Fernando Parra en la casa de sus abuelos en Chilluévar, en Jaén (Fuente: Archivo personal de Beatriz Pastor Becerra).
No nos andaremos por las ramas para explicar de qué trata esta novela. Nuestro autor enferma de depresión y durante un lapso de un año aproximadamente —annus horribilis— nos relata las tinieblas que tuvo que atravesar en busca de la luz. No sólo al final de ese túnel, sino a lo largo de todo su viaje, Virgilio no lo acompañará, sino que es directamente su Beatrice particular y su familia más cercana las que harán de lazarillos en esta caída y, ojalá, ascenso a la vida. Recojo una pregunta que Theodor Kallifatides se hace a sí mismo sobre si es posible ser escritor sin traicionar a algo o a alguien. Fernando, me dirijo a ti. Tú has traicionado este ridículo mundo de falsedades y apariencias. J´accuse. Has puesto en jaque este mundo de fakes y postverdades y has subido la pendiente de El Noguero a golpe de pulsación. Has tecleado con una valentía que roza la insensatez, de lo cual uno se congratula porque —me niego a repetir esa frase tan cómoda de que tu libro es muy valiente. ¡Y una leche!—, el valiente has sido tú. De tu sinceridad y arrojo, los lectores nos alimentamos. Convertimos tus subordinadas en nuestras propias vivencias. Si no sufrientes, porque eso sería muy arrogante, sí profundamente empáticas. Muchos podemos ser esa alumna de quince años que sabe escuchar tan bien y “supone una caricia en el corazón que conforta y sana”. Y, por cierto, también me cuesta enmarcar tu última obra dentro de la categoría de novela. Testamento no. Crónica tampoco… Escucho precisamente hoy en la radio que “la novela es el arte de lo probable”, así que ahí te jalono: en esa franja movediza donde la ficción y la realidad se confunden. Te mueves entre lo que es y lo que pudo ser, en una lógica que no es de género, sino de mirada.

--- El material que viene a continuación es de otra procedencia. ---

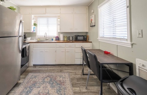 This delightful 2nd-floor apartment is located on a quiet residential street and is only 7 miles from the beach! Shopping and dining options are less than a mile away. The apartment has been remodeled and hosts a sofabed in the living room, and a queen-size in the bedroom. This is perfect for a beach vacation and includes complimentary WiFi as well as all of your basic kitchen needs. a dedicated parking spot is included!
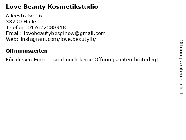 | Öffnungszeiten Love Beauty Kosmetikstudio in Halle anzeigen | |
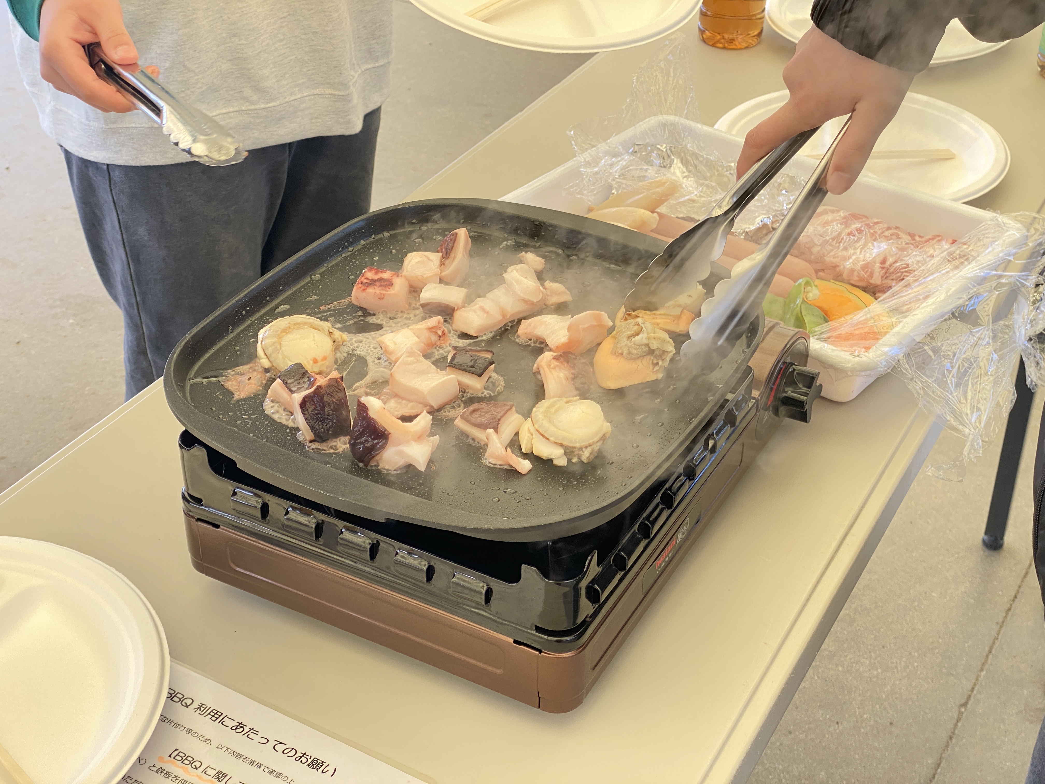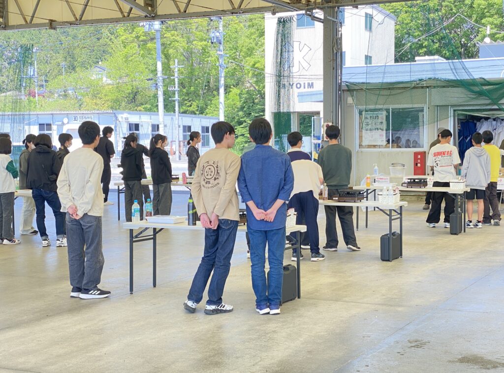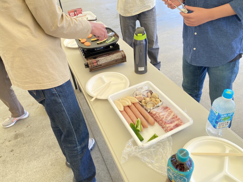BBQではお肉や野菜に加えて、南三陸町ならではの新鮮な海の幸――特にタコなどの海鮮食材も用意されました。午前中のタコロン絵付け体験で学んだ「南三陸町とタコのつながり」に思いを馳せつつ、生徒の皆さんには和やかな雰囲気の中で食事を楽しんでいただけたと思います。

Cuesta de El Noguero, Chilluévar, Jaén (Fuente: Archivo personal de Beatriz Pastor Becerra).
¿Me estoy yendo por las ramas, Fernando? Yo te hablo a ti, aunque no me leas. No es esto una novela —ni mucho menos— pero cabe la posibilidad de ser leído por alguien. ¿Habéis leído a Fernando? Su estilo es un festín verbal. Su prosa se mueve en excesos deliberados. Busca en el lector perderse y encontrarse. Maneja el idioma… ¡Ya quisiera yo manejarlo así! Si os dijera que recuerda a Umbral, al primer Muñoz Molina, no estaría construyendo ningún ditirambo. Aquí sólo traicionamos a la mentira. No obstante, se le puede tildar ya de un estilo propio: el estilo nogueresco. Vuelvo a tu novela. ¿La llamamos “tu nobea” en ese juego unamuniano?

Vista panorámica de Chilluévar, Jaén (Fuente: Archivo personal de Beatriz Pastor Becerra).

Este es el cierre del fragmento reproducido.